Buscamos el saber del sabor y el sabor del saber. Prudente, el máximo posible de prudencia, pero siempre al borde de la imprudencia, tras el gusto se une/enlaza saber/sabor. Buscamos el máximo posible de saber con la imprudencia que desata el sabor. El gusto de permitirnos hacernos trampas con la lengua, de saborear los entramados sobre los que se destejen palabras que fluctúan en busca de un destino. (…)

Textos sabrosos, textos sapientes; textos prudentes, textos imprudentes. El gusto de los textos y de anudarnos en ellos, de tomarlos y destruirlos, de recorrerlos, de desecharlos y de reencontrarlos siempre perdidos. De lo que se trata es de habilitar entradas posibles para sostener el puro deseo de fluir en ellos, con ellos o entre ellos … Esta experiencia creo que tiene un nombre ilustre y pasado de moda, que osaré tomar aquí sin complejos, en la encrucijada de su etimología: Sapientia: ningún poder, un poco de prudente saber y el máximo posible de sabor.3

 

Una vez más, y a pesar de todo, leamos, escribamos, celebremos.

 

Dr. Mario Sebastián Román

Director Editorial

 

 

Notas

 

1. Retomamos aquí, y a lo largo de este editorial, algunas impresiones compartidas oportunamente en aquél, cuando celebrábamos los veinte años de esta publicación, y que titulábamos: «Hifologías…».

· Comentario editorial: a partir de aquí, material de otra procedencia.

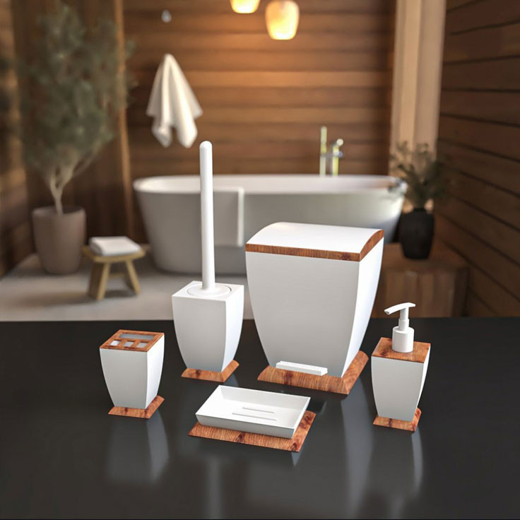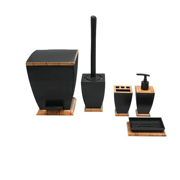 سرویس 5 پارچه آوا طرح چوب، از جنس پلاستیک است. این محصول شامل سطل، فرچه، جا مایع، جا صابون و جا مسواک می باشد. درب سطل این ست به صورت پدالی باز می شود.

2. Deleuze, G. y Guattari, F. 1997. Mil mesetas. Capitalismo y esquizofrenia.  Pre-textos.

3. Barthes, R. 1989, La lección inaugural. En El placer del texto y la lección inaugural.  Siglo XXI.

 

 

 

Referencias bibliográficas:

Barthes, R., (1989). El placer del texto. EnEl placer del texto y la lección inaugural. Siglo xxi.

Mouffe, Ch., 2023, [2020]. El poder de los afectos en la política. Hacia una revolución democrática y verde. Siglo xxi.